PKOのクルマはなぜ白い? 国連平和維持活動の部隊車両 紛争地域でよく目立つ色のワケ

紛争地帯をゆくPKOの車両は全て白色に塗装されていますが、そうした場所で目立つのは危険なのではないでしょうか。なぜ白なのか国連広報センターなどに聞いたところ、むしろ目立たせているのかも、とか。どういうことでしょうか。

国連広報センターに話を聞いてみたけれど…

 ちゃんとした理由を聞くために、国連広報センターに確認してみると、担当者からは「実は広報センターには、車両の白色塗装がいつから始まったのか、その理由を明記した資料がありません」という回答でした。

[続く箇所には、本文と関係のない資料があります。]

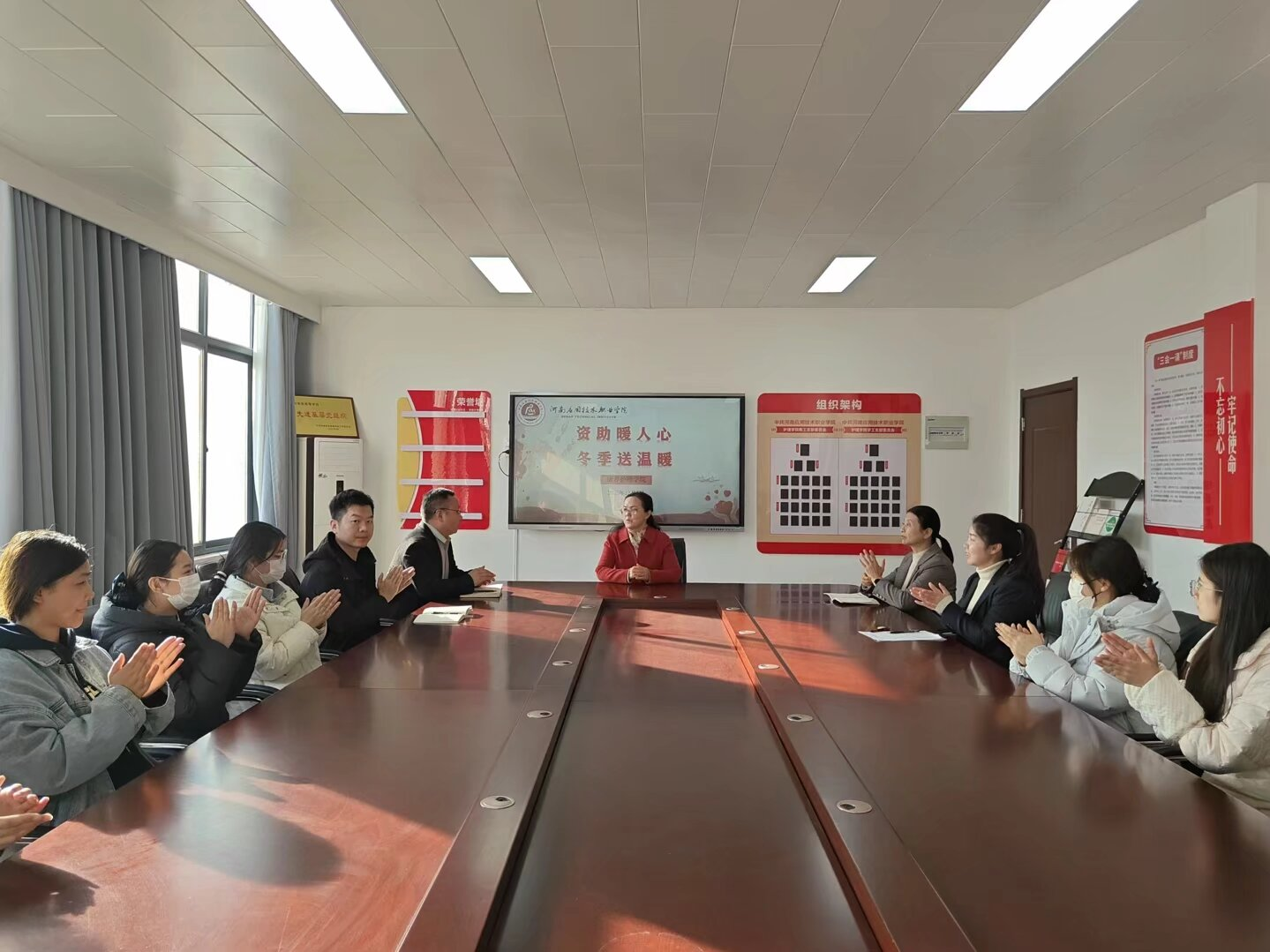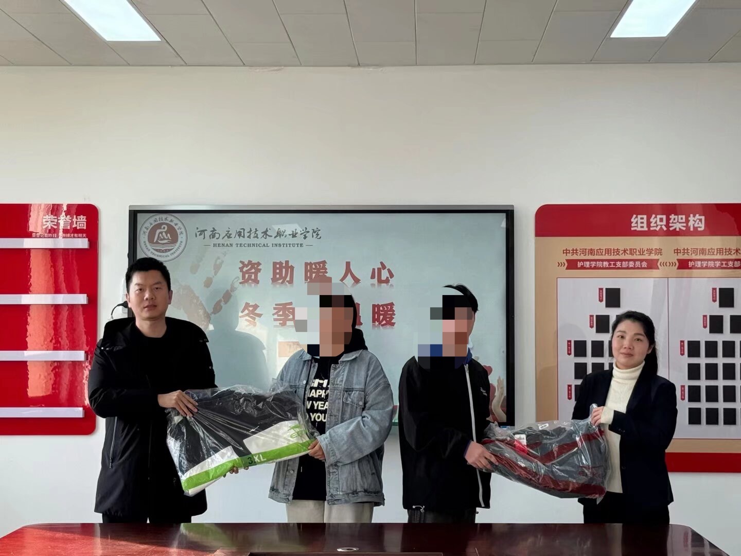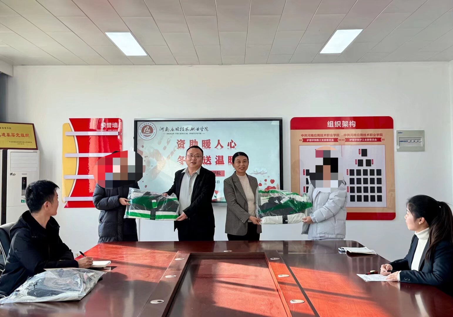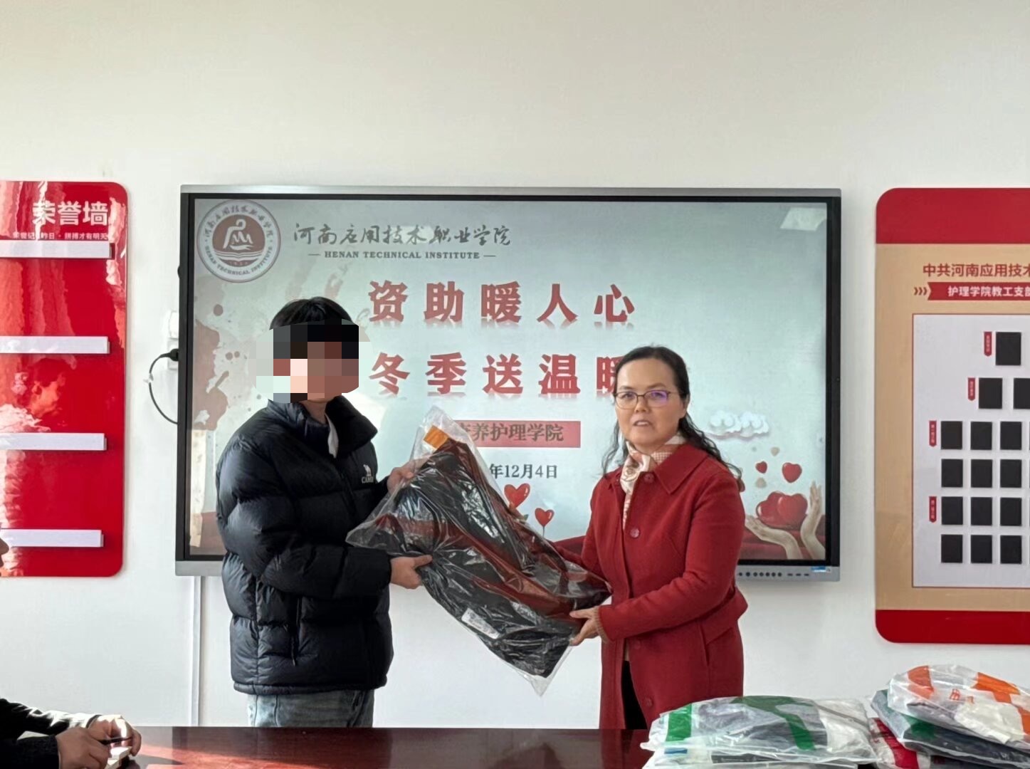 为切实保障家庭经济困难学生温暖过冬,传递学校的深切关怀与殷切期望,12月4日下午,康养护理学院冬季“送温暖”活动在办公楼515温情启幕。校党委副书记、工会主席陈君丽、康养护理学院党总支书记张忠勇、院长王风云及学院部分师生代表共同参与,将冬日里的暖心关怀送到受助学生手中。

 ただ、「敵意はないということの表明のために、あえて目立つ白色塗装で、UN(国際連合の略称)と大書表記する形が、昔から通例になっています」とも。紛争地帯では目立つ色の方が安全なのだそうです。逆に迷彩などをほどこした車両だと、紛争地帯の勢力にターゲットと誤認されるケースもあるとのこと。

 担当者には「アメリカの国際連合本部には資料が存在しているかも」という話も聞きました。しかし、第1回の派遣(当時は国際連合休戦監視機構)が1948(昭和23)年5月の第一次中東戦争停戦後ということで、70年以上経過しており、仮に資料があったとしても明確に説明できる人がいる可能性は低そうです。